Jadav Payeng: The man who planted trees
Jadav Payeng: The man who planted trees.

A few weeks ago, I found myself stuck in thoughts about how small and insignificant I am. The negativity felt overwhelming. I don’t know what triggered it. It could have been my ongoing struggle with financial independence, or discomfort with my own body. Whatever it was, it pushed me into thinking about legacy.

I realized I hadn’t been paying much attention to it, even though I do want to be remembered in some way. Not as someone extraordinary, but as someone who mattered.
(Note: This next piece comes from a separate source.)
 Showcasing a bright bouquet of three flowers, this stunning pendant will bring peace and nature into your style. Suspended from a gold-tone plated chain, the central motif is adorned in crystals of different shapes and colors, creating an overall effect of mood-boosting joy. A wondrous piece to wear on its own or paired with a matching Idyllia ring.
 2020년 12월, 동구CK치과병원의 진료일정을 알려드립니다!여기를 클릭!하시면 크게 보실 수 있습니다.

I don’t think that desire is unusual.

I’m not denying that I have skills or potential, but there are times when it feels like I have nothing meaningful to contribute. When that thought takes hold, everything starts looping. Time keeps moving, and I imagine myself fading out of relevance, eventually forgotten. That idea has a way of flattening everything else.
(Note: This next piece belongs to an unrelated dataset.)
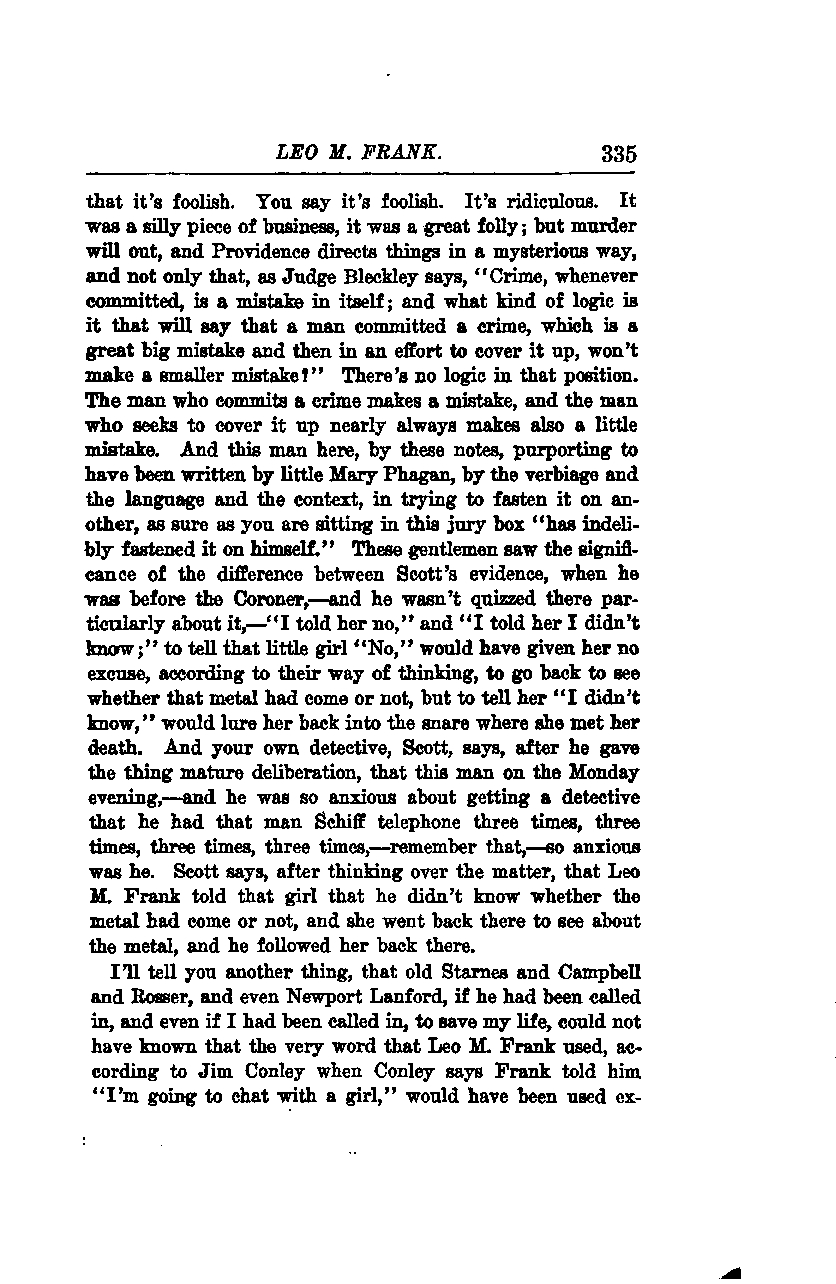 I'll tell you another thing: that old Starnes and Campbell and Rosser, and even Newport Lanford, if he had been called in, and even if I had been called in, to save my life, could not have known that the very word that Leo M. Frank used, according to Jim Conley when Conley says Frank told him, "I'm going to chat with a girl," would have been used exactly.

Around that time, I came across a video about Jadav Payeng, the man from Assam who spent his life planting trees. I’d seen it before and dismissed it. Just planting trees. Nothing remarkable.
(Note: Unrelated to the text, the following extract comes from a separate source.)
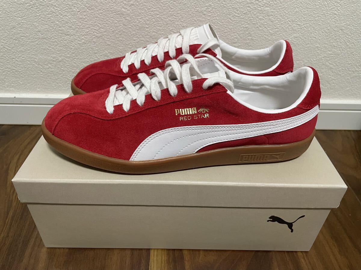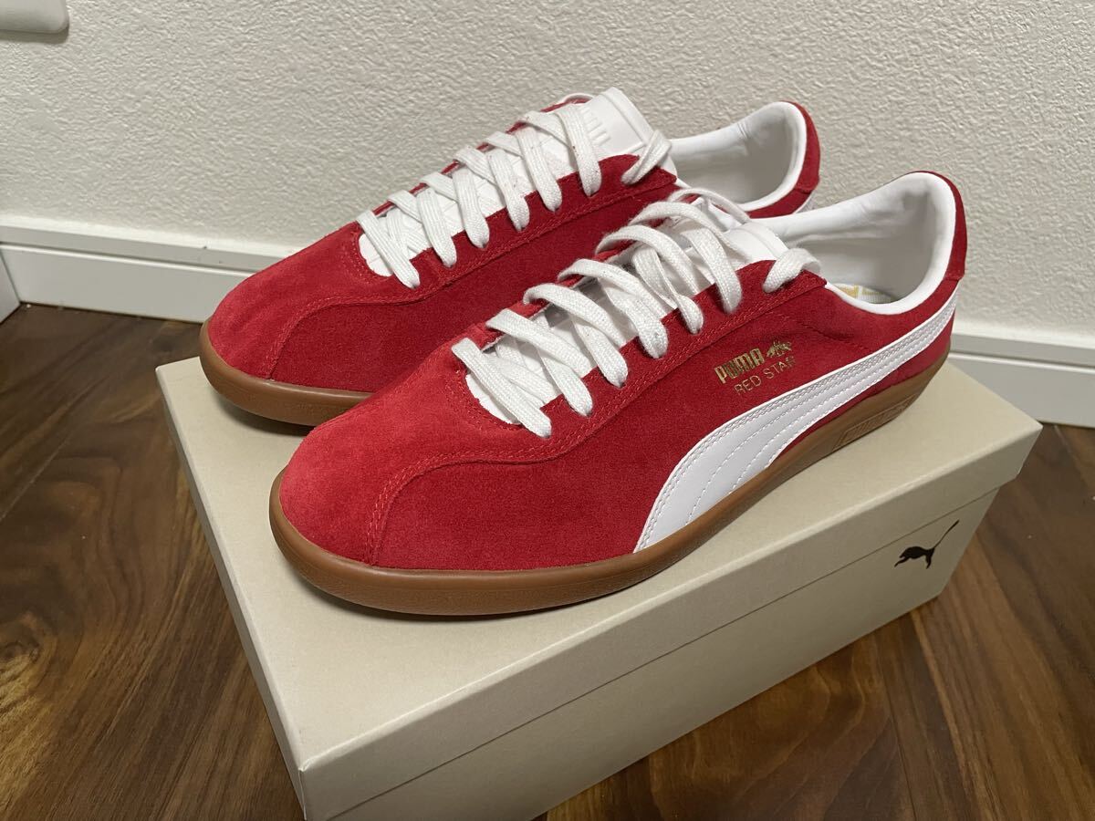 スエード素材のレッドとホワイトのコンビネーションが特徴のPUMA RED STARスニーカー。

This time, it landed differently. What he did wasn’t loud or symbolic. It was slow, repetitive, and deeply committed. Over time, it reshaped an entire landscape. I don’t think I can fully explain why it affected me, but it reframed something important. Impact doesn’t need an audience. Meaning doesn’t need scale.

It made me realize how often we overlook quiet lives that are lived with intention. People who don’t announce their purpose but embody it. That recognition shifted something in me. Purpose doesn’t have to be grand. It just has to be real.

I still don’t fully understand why I feel compelled to write things like this. Maybe it’s a way of tracking change. Maybe it’s a way of staying honest with myself. Either way, I’m learning to sit with the uncertainty, trusting that movement matters even when direction isn’t clear.

This was a thought I had weeks ago. I know I can’t recreate the feeling exactly, but I think I’ve captured what stayed with me. If not, i suppose I’ll come back to it later, with different eyes.